PIANIST is a fundamental PRC research project, which aims to control and explore the optoelectronic and transport properties of hybrid semimetals/semiconductors III-V/Si nano-materials, and assess their potential for ground-breaking industrial innovations in the field of photonics and green energy materials. The PIANIST project will focus on three main objectives:
O1: Explore the unusual optoelectronic properties of homovalent singularities nanostructures in III-V semiconductors grown on Si
O2: Clarify the impact of the homovalent singularities and dislocations on the remarkable transport properties of III-V/Si epitaxial layers.
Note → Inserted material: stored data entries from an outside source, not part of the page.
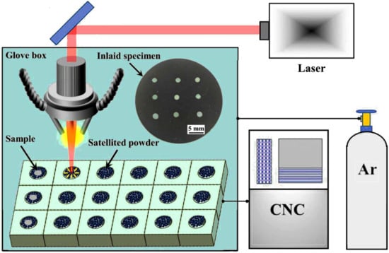 Schematic of the laser micro-alloying process and the inlaid specimen (adapted from [24]).
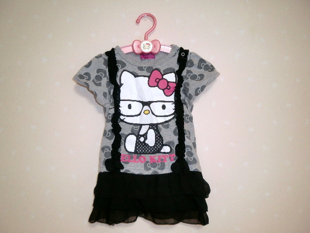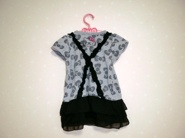Ωハローキティ Ω★80㎝★ 可愛い半袖Tシャツ 裾3段フリル ■グレー■ | |||
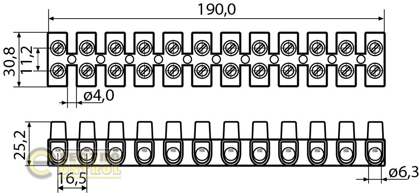 Клемна колодка Аско-Укрем A0130040025 25 мм2/60А чорна тип W (U)
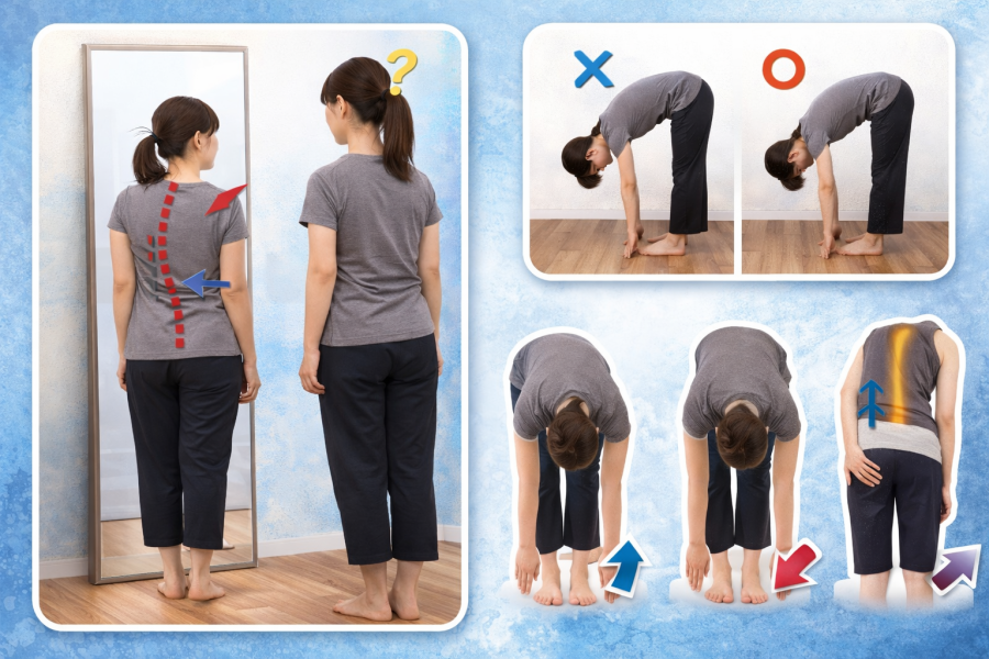 体の歪みは、動いたときの違和感として現れることも多いと言われています。例えば前屈や後屈をしたときに、左右で動かしやすさが違う場合は、筋肉のバランスに差がある可能性があります。また、片足立ちをしたときにふらつきやすい側がある場合も、体の軸が安定していないサインと考えられています。こうしたチェックはシンプルですが、意外と気づきが多いポイントです。
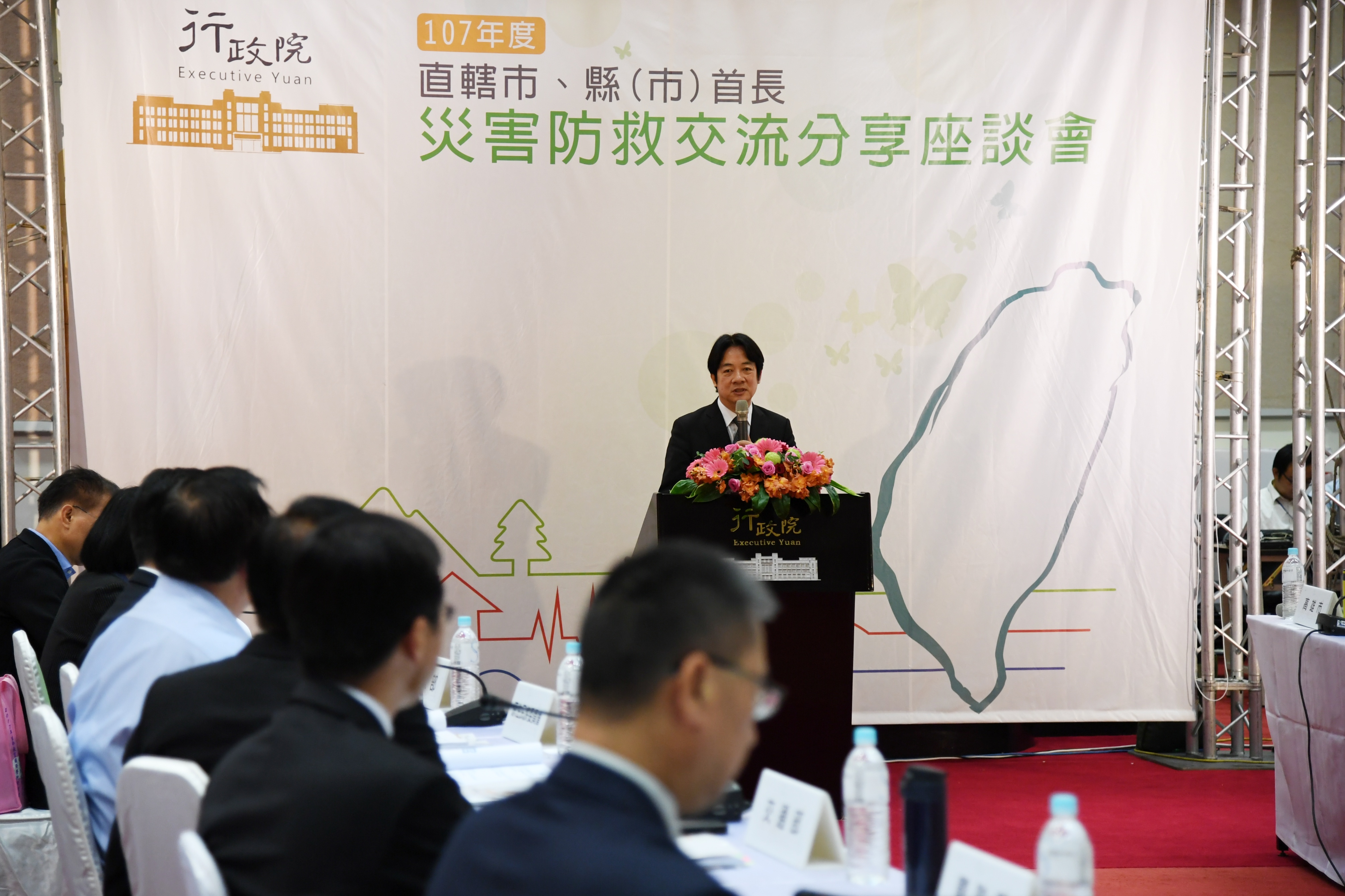 行政院長賴清德今(20)日出席「107年度直轄市、縣(市)首長災害防救交流分享座談會」時表示,行政院舉辦此座談會,希望藉由中央與地方聯手,持續精進各項防救災業務,期盼多一分付出、減少一分災害,讓民眾獲得更多安全保障。 賴院長以嘉義市為例,過去許多逢雨必淹之處,經由涂醒哲市長和市府團隊逐一檢視雨水下水道及排水通路,積極清淤,近兩三年來淹水情形已獲改善。此外,其他各縣市長也持續精進防災相關作為,減少災害發生。 賴院長表示,各縣市政府面臨困難時,若有好的解決方法,亦可提供其他縣市政府參考,並作為中央政府擬訂政策的依據。目前北北基、桃竹苗、中彰投,及雲嘉南、高屏與澎湖等,都有很好的區域聯防架構,希望藉由今天的交流座談會,中央與地方彼此分享經驗,進一步提升區域聯防效益。 賴院長強調,政府推動防救災業務時,應落實到基層第一線。期盼藉由中央政府、直轄市、縣市政府與鄉鎮市區公所共同合作,聯合推動防救災業務,提升整體防救災效率。 賴院長並頒發「107年度災害防救深耕第2期計畫績優單位」獎項,感謝各直轄市、縣(市)政府及鄉(鎮、市、區)公所在防災工作上辛勞與努力。此外,座談會邀請22個直轄市、縣(市)首長及代表共同參與「中央與地方相互支援通用協定啟動」儀式,強調防救災工作不分中央與地方,未來更應加強中央地方相互支援合作,所有防救災機關單位可運用通用協定來簡化相互支援協定簽訂的行政程序,有效提升災時應變效能。 行政院災害防救辦公室表示,目前正值防汛期,座談會的「災害防救整備強化作為」重要討論議題包括:內政部「汛期整備應變措施及暑期大型活動公共安全重點工作」及中央氣象局「氣象智慧資訊應用於地方政府停班停課決策」報告。 行政院災害防救辦公室同時指出,今(107)年0206花蓮地震,中央及地方皆全力投入搶救與緊急應變,因此特別邀請花蓮縣政府報告「0206地震災害搶救經驗」,內政部及台南市分別報告「中央初期應變處置及台南市協助花蓮地震救災經驗」,目的在於透過研討及經驗傳承,讓其他地方政府均能共同學習,精進後續防救災作為。
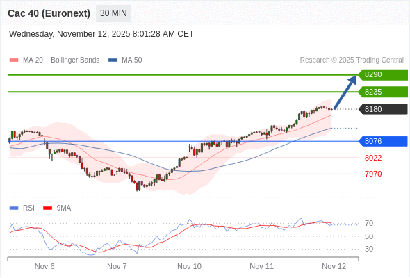 在 8076 之上,看涨,目标价位为 8235 ,然后为 8290 。
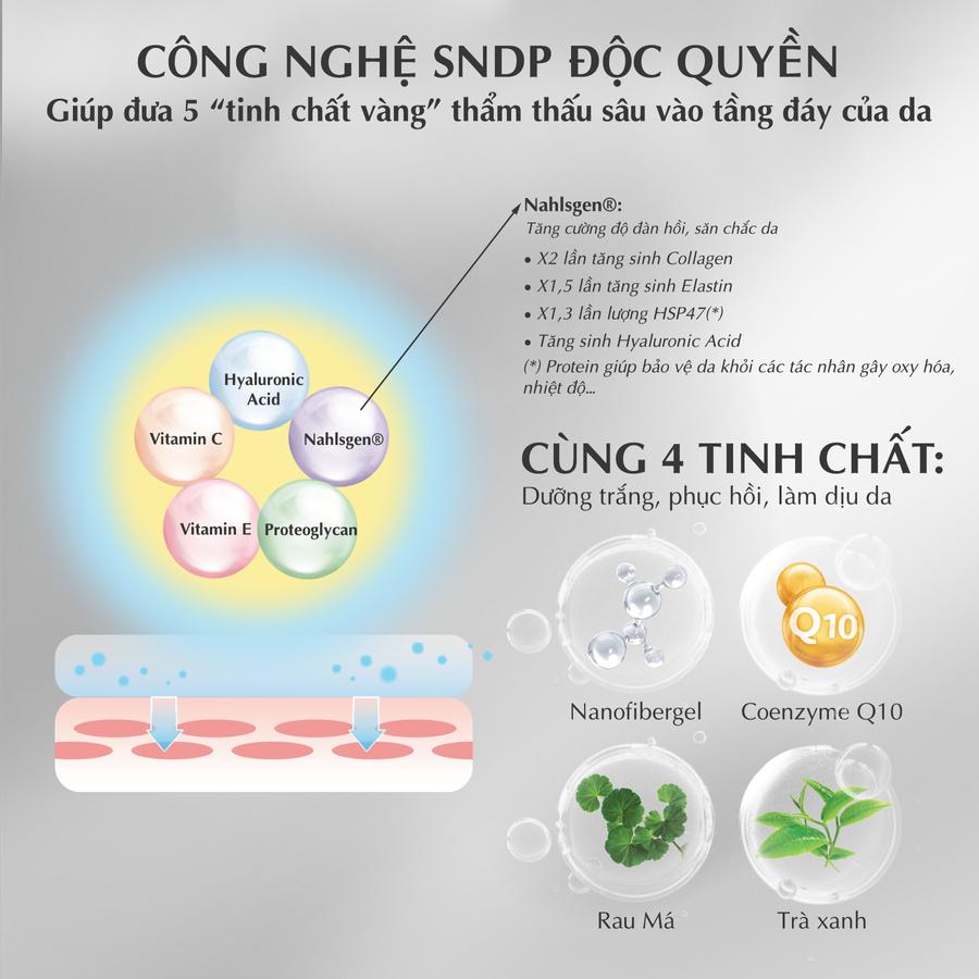 + Magnesium Ascorbyl Phosphate (vitamin C), Tocopheryl Acetate (vitamin E): Chống oxy hóa, cải thiện da đều màu, giúp làm sáng da và làm mờ các vết thâm, nám da
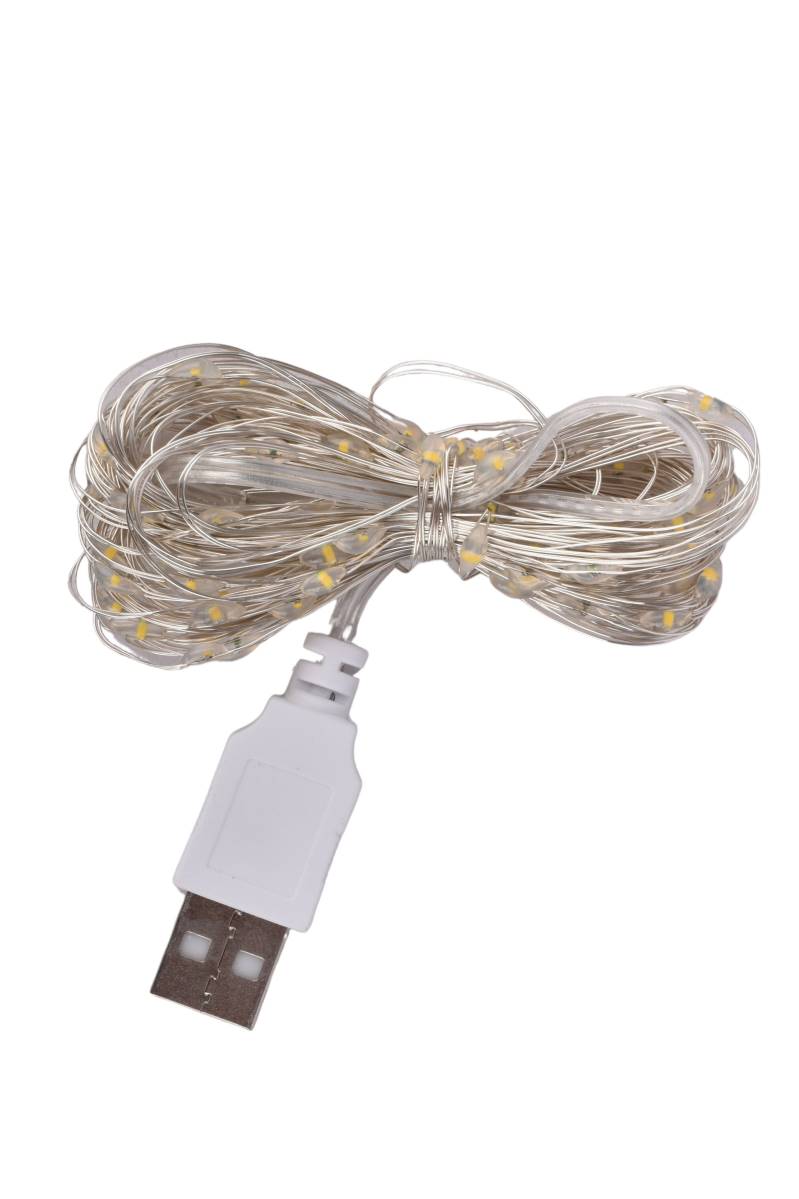 Guirnalda LED 10 m con alambre flexible y conexión USB. Ideal para decorar con luz cálida y moderna. ¡Cómprala en Ferniplast.com!
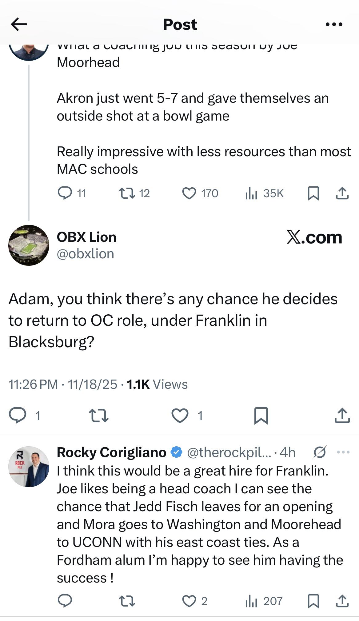 I can't imagine what the response would be if we fired Moorhead after having the most wins in 8 years. If he takes another job so be it, but firing a coach because we didn't go .500 hasn't fared too well in the history of Infocision Stadium. I totally understand the thought of we can find a new coach that fires up the team and we go to the top of the MAC out of nowhere, but I think that is pretty risky to go all in on considering we have made progress the last 2 seasons. We lost almost all our skill players last year, and this year we developed a great group of them. I have a hard time believing we just stumbled on to players like Williams, Gant, Polk (2 year track) because no one wanted them. Most of them will leave again this year even if we don't fire the coach. But I trust this current regime to develop players, which is very important with the current state of college football. You are only living a year at a time so you need someone to be quick to mold a team together. I am sure other coaches can do that, but is there going to be someone like that available this offseason and are they going to want to come to Akron? I wouldn't call The University of Akron athletic department a big risk taker. If that was the case then I would imagine we would have a different soccer coach after not living up to UA standards from 2019-2021
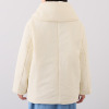 襟元や袖に程良くボリュームを持たせ、身頃にダーツを入れることで、丸みのあるコクーンシルエットを演出しています。
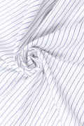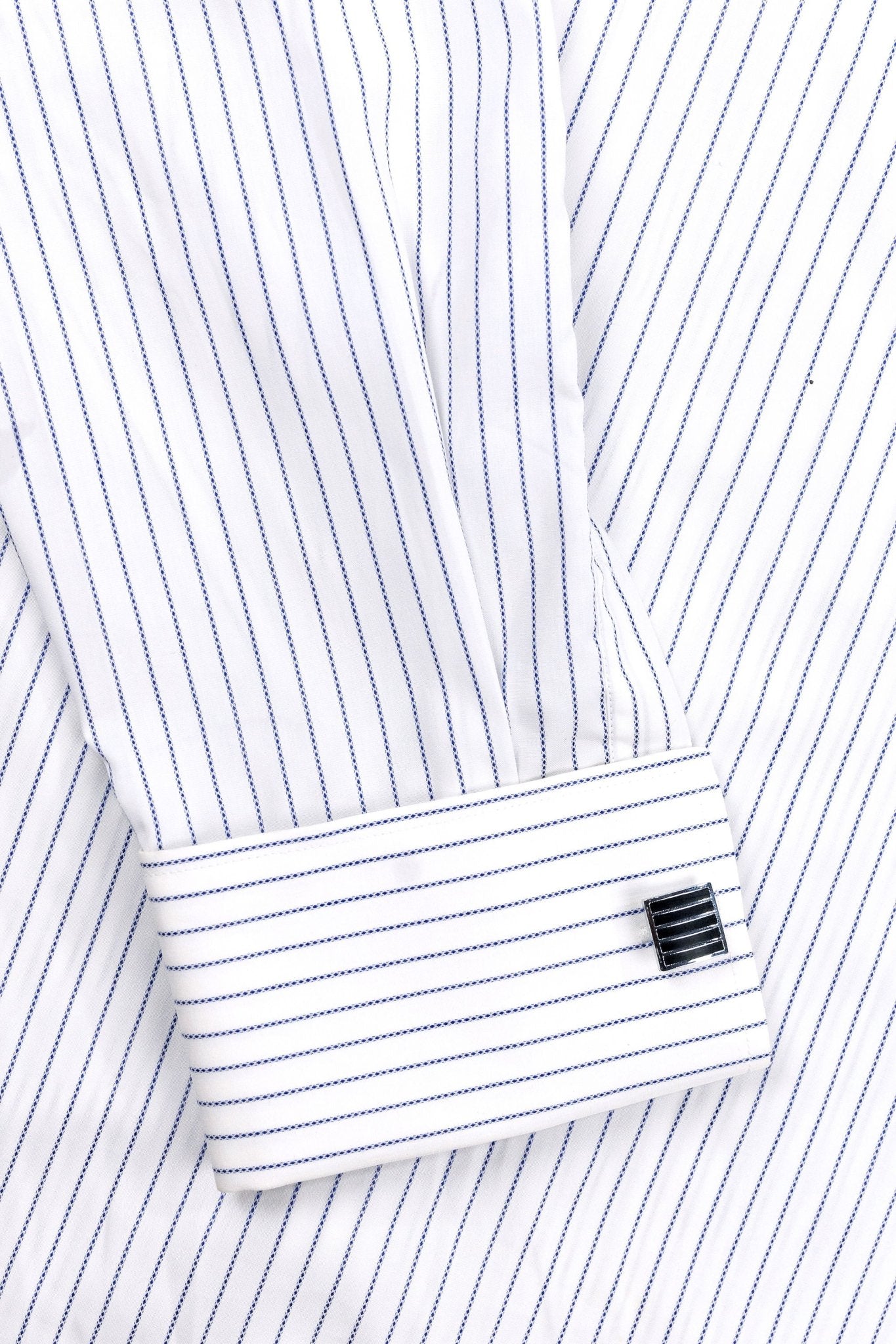 The slender blue stripes on a white base strike the perfect balance between formality and elegance, offering a distinguished alternative to solid shirts. Paired with French cuffs, this shirt is designed for men who navigate the boardroom with quiet confidence and poise.

O3: Propose new III-V/Si devices for photonics and energy taking advantage of the physical properties of these buried nano-materials
To reach the three objectives, the project, organized with 4 scientific Tasks, will need important materials developments (Task 1) by internationally-recognized laboratories in the field, for III-Sb/Si (MBE@IES) and III-P/Si (MBE-UHVCVD@I-FOTON). The choice of III-Sb and III-P materials was motivated by the observation of strong similarities on homovalent singularities properties between the two materials, despite very different bandgap, growth and structural properties, which allows a generalization of the concepts developed in the project, through the design of specific samples to characterize optoelectronic or transport properties. Importantly, I-FOTON and IES have the ability to grow GaAs/Si or InP/Si epilayers. The project will also need advanced structural characterizations, available through Transmission Electron Microscopy at C2N or Scanning Tunneling Microscopy at IPR. The ultimate structural properties will be cross-checked by advanced X-Ray Diffraction at C2N, IES, and I-FOTON. Temperature and power dependent PL experiments will be performed and analysed at IES and I-FOTON to clarify the electron-phonons interactions. Cathodoluminescence (CL) and time-resolved (TRCL) mappings will be carried out at C2N and Raman scattering mappings at IPR to explore the exciton-lattice coupling. Transport properties will then be investigated by a multiscale approach using Hall measurements (IPR), micro-4 probe measurements (IPR), conductive AFM (IES&C2N), KPFM (i-FOTON), and Ballistic electron emission microscopy (BEEM at IPR). The local optical and electrical probes used to reach the objective O1 and O2 will need the control of the lateral size of antiphase domains to extract quantitative information. Finally, these experimental studies will be supported theoretically by atomistic DFT calculations (i-FOTON) to describe the electronic structure, vibrational properties and dielectric constants of III-V/Si homovalent stoichiometric or non-stoichiometric singularities. On this basis, the transport mechanism and optoelectronic properties will be clarified. Novel concepts of photoelectric devices (Task 4) targeted in objective O3 will naturally emerge from the physical properties determined in Tasks 2 (Optoelectronic properties) & Task 3 (Transport properties).